Our greatest fear is that he dies before she does.

by Anonymousreply 75May 4, 2015 8:50 PM

I think a lot of borderlines are actually psychopaths. They feign instability and loneliness because it can be used to manipulate people. I honestly don't believe a truly empty, lonely BPD person would constantly do horrible shit to other people and then act like they "can't help it."

by Anonymousreply 76May 4, 2015 8:51 PM

bump

by Anonymousreply 77April 9, 2019 10:51 PM

Avoid

If any contact, keep it to an absolute minimum.

by Anonymousreply 78April 9, 2019 11:00 PM

I just broke up with my partner of 6 years. He has NPD. All of the behavioural traits mentioned previously. His father died when he was young.

I loved him very much and stuck with him as long as I could. It is so emotionally draining being with a person with NPD. I have patience in abundance, but when I realised I was so unhappy, I just had to get out of our relationship.

by Anonymousreply 79April 9, 2019 11:21 PM

Exhibit A at r68. Guilt tripping random strangers on an anonymous forum about making her feel bad has to be the outer limit of insanity. Just wow.

Is it possible to become borderline after being exposed to it? I’m pretty sure my mother and sister are (all the women in my family in fact) and I wonder if I’m cursed with it too. I’ve been in therapy for years and have anxiety disorders.
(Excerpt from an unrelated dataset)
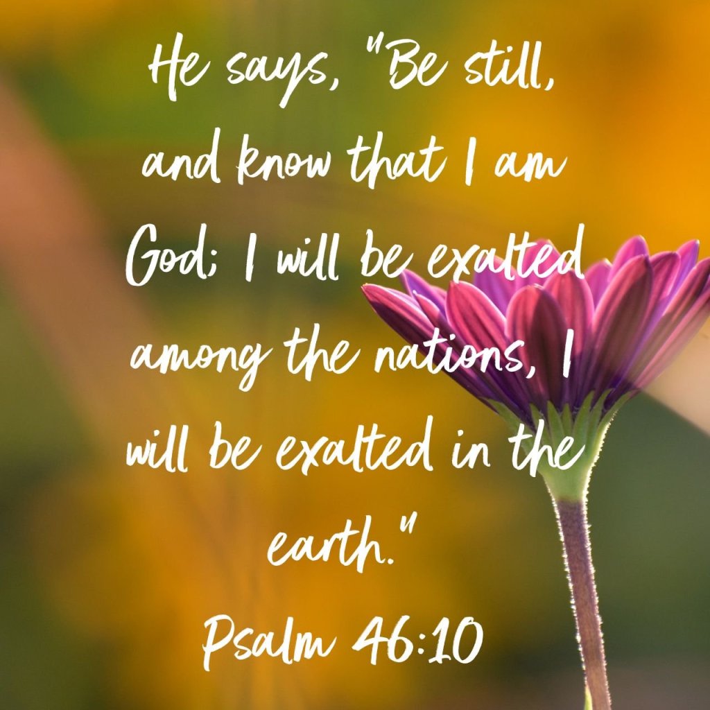 I wonder if that is what He was trying to tell us in that one simple Psalm? When we are still, it allows our thoughts to return to Him, which allows us to know Him, to know that He is God and that He is worthy of exaltation. No wonder Jesus arose early and found a quiet place to be still and know during his time on earth. It is in the stillness that we begin to know God.

by Anonymousreply 80April 9, 2019 11:31 PM

It’s hereditary. A bunch of my relatives have it. Screaming, not hearing other people, jumping to all sorts of wild conclusions with no evidence. Her sister told me recently, “I tell myself she can’t hear me.” She’s not kidding. I’ve tried to have a conversation with her and I can introduce a subject twenty times. Every time, before I get to the point, either she changes the subject or just ignores what I’m saying like I’m not there and just talks over me.

We tried to do an intervention a while back and it was impossible because she just laughed off everything we said. She self medicates and she’s drinking again. My phone is full of, “How dare you suggest anything’s wrong with me, you evil monster.”

by Anonymousreply 81April 10, 2019 12:06 AM

Sorry, that was referring to one person, but it’s generation after generation if the same sort of thing.

by Anonymousreply 82April 10, 2019 12:08 AM

You can't force someone to see they're mentally disturbed and need help if they refuse to open their eyes and accept it. They can lose lovers and friends, jobs and opportunities, the respect of everyone around them and any chance of a future...and they'll still blame anyone and everyone but themselves.

Disengage as quickly as you can, if they won't medicate and attend therapy. Put your own happiness and safety, first because God knows it will NEVER cross their minds.